▶ _Problem details_:
Omit the pictures and output exactly the lines from the start of the entries through the line containing "O violeta púrpura".

▶ _Study material_:
::::

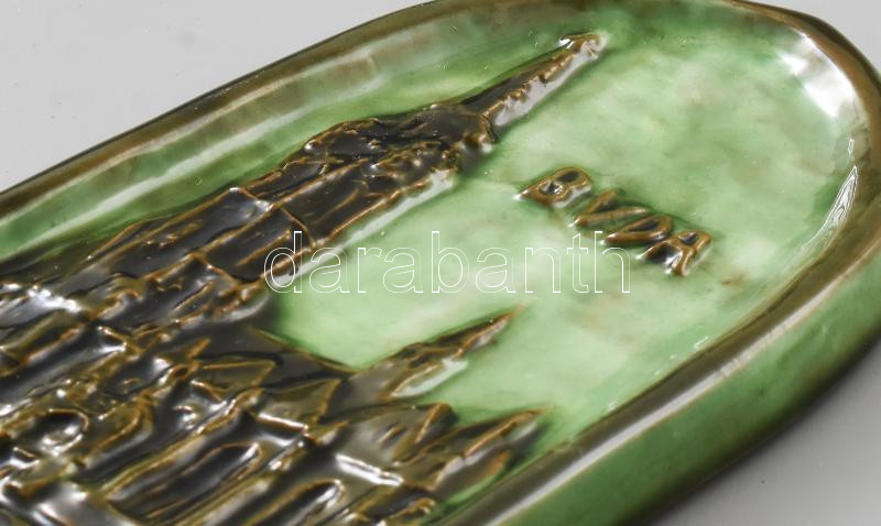Leírás: Mátyás-templom. Buda. Mázas kerámia plakett, jelzés nélkül, hibátlan, 19x11 cm
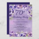 O violeta púrpura elegante viola o design de "Festa de aniversário 70" floral, com uma faixa floral superior e inferior de violetas em um violeta angustiado e fundo de poeira branca.
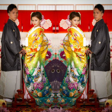 | 着物について | The black and red 振袖 rental from 六本木mine The yellow 色打掛 is for my wedding photo The blue 振袖 is buy from vintage kimono shop! |
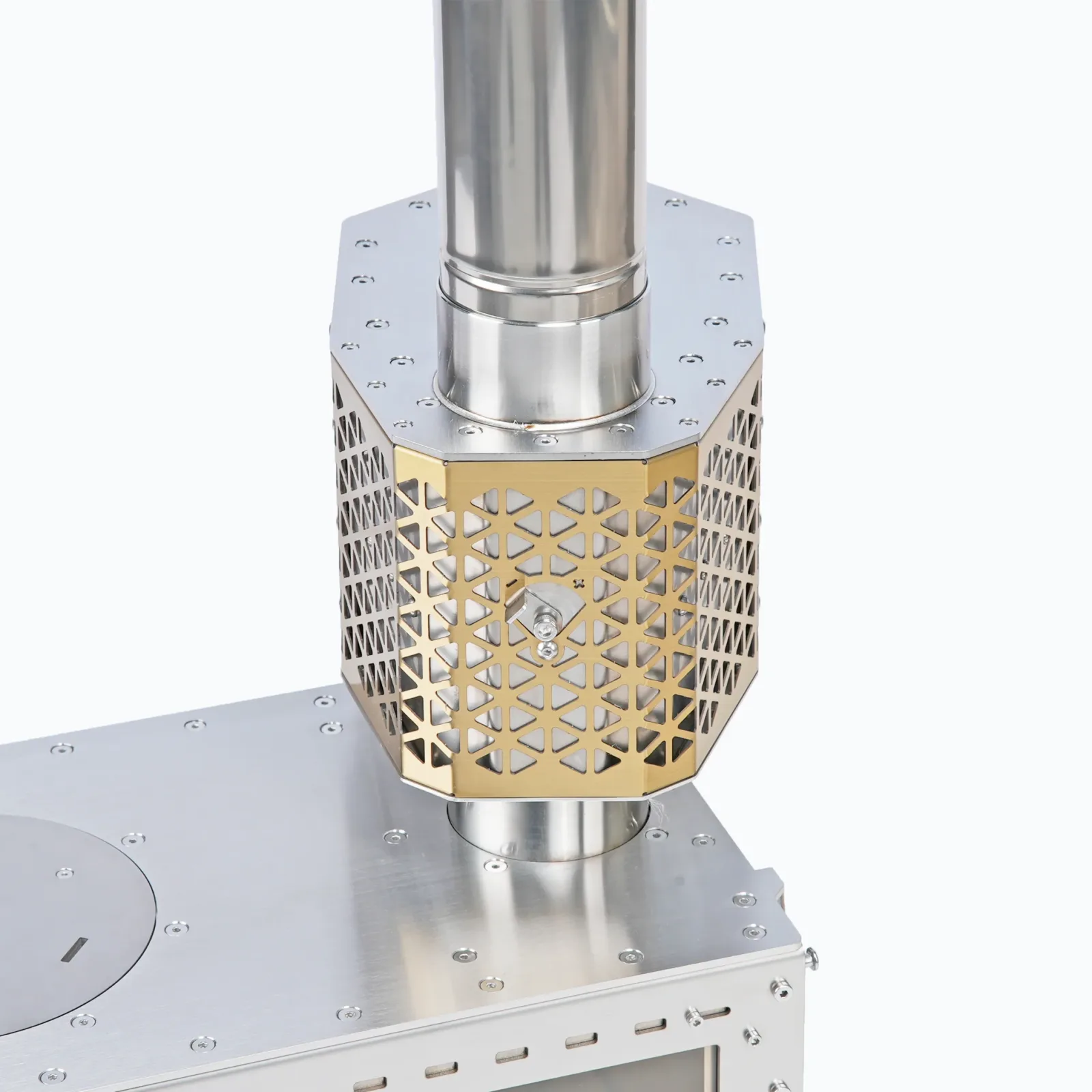- Stable Coaxial Chimney Design The inlet and outlet chimney pipes are aligned on the same axis, ensuring the center of gravity remains balanced. This allows the platform to be stably installed on top of your stove without any offset, removing the need for additional support brackets.
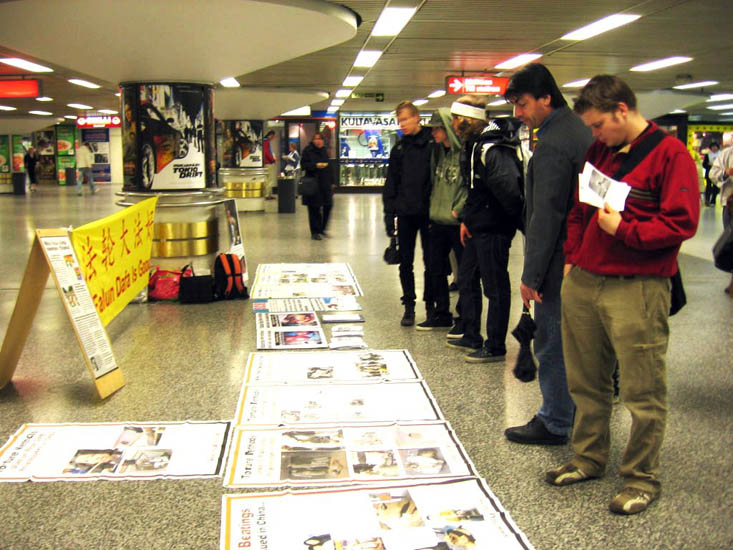 当一位学员递资料给一芬兰人时,他说他只信某某,不信这个。学员说:“我不是让你改变你的信仰,只是请你了解中共对信仰真善忍的法轮功学员的迫害真相。”这时旁边一位明白了真相的芬兰女士主动向他讲明学员的意图并劝说他了解真相。学员事后向这位女士表示真诚的谢意。
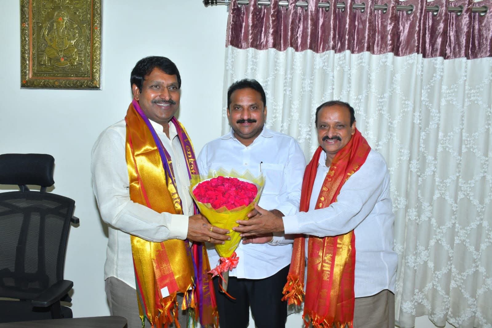తెలుగుదేశం పార్టీ నెల్లూరు పార్లమెంట్ అధ్యక్షుడిగా నియమితులైన బీద రవిచంద్ర ని కందుకూరు ఎమ్మెల్యే ఇంటూరి నాగేశ్వరరావు నెల్లూరులో మర్యాదపూర్వకంగా కలిశారు. పార్లమెంట్ అధ్యక్షుడిగా నియమితులైన సందర్భంగా, రవిచంద్ర ని శాలువాతో సత్కరించి శుభాకాంక్షలు తెలియజేశారు. అలాగే ప్రధాన కార్యదర్శిగా నియమితులైన చేజర్ల వెంకటేశ్వరరెడ్డి ని కూడా సత్కరించి శుభాకాంక్షలు తెలియజేశారు.
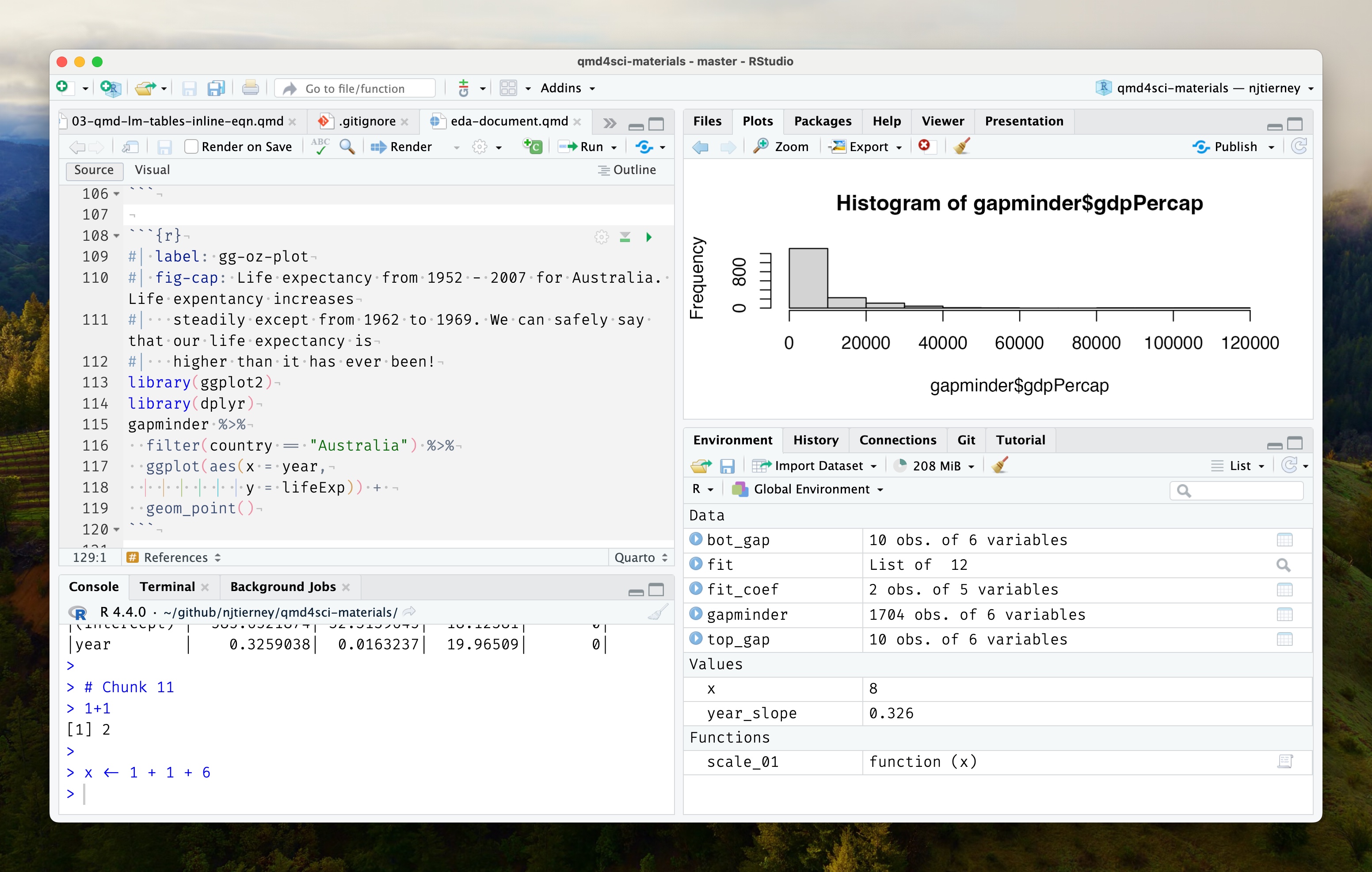 - On the lower right, the view for files, plots, packages, help, and viewer.
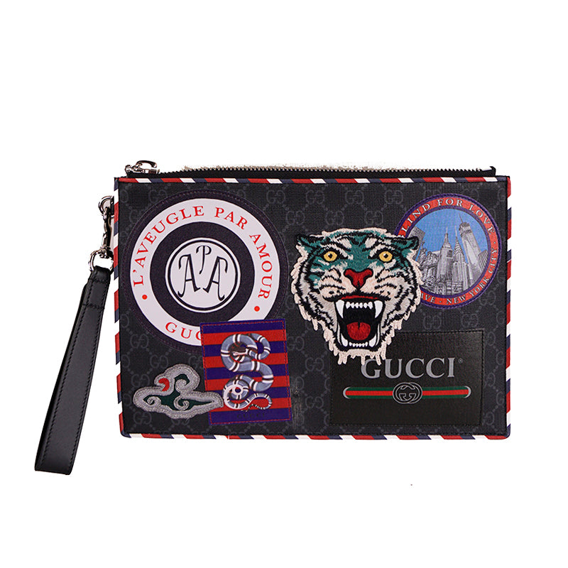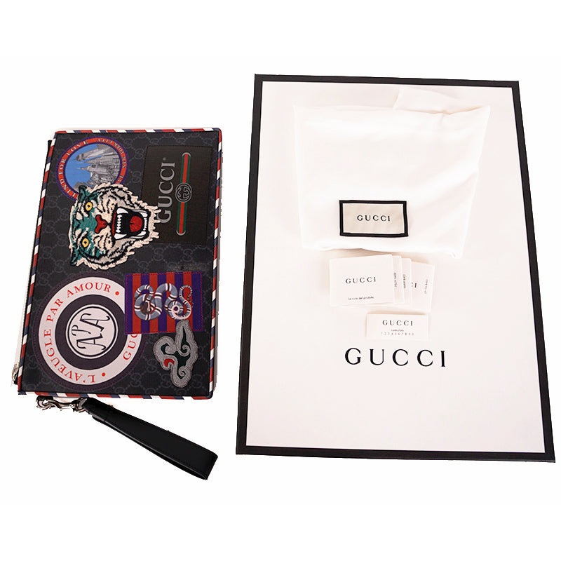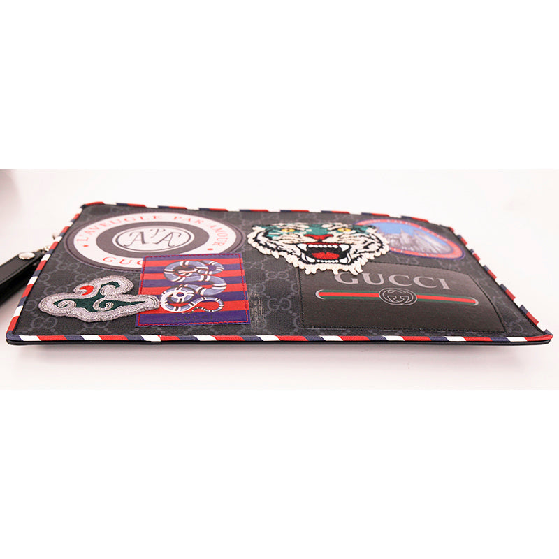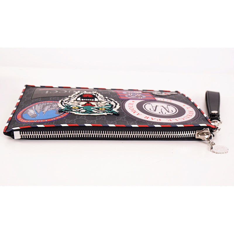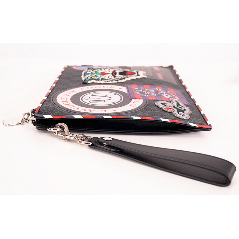 Authentic Gucci wristlet in a sleek everyday style. Black and grey GG Supreme canvas. Zip top closure. Removable leather wrist strap. UFO engraved zipper pull. Printed appliques patches with embroidered tiger head and cloud appliques. Airmail striped piping. Lined in canvas with leather interior card slots (6), Silver tone hardware. Style 496346. Made in Italy. Perfect for on the go, sure to get noticed.

::::

▶ _Result for this exercise_:
Leírás: Mátyás-templom. Buda. Mázas kerámia plakett, jelzés nélkül, hibátlan, 19x11 cm
 O violeta púrpura elegante viola o design de "Festa de aniversário 70" floral, com uma faixa floral superior e inferior de violetas em um violeta angustiado e fundo de poeira branca.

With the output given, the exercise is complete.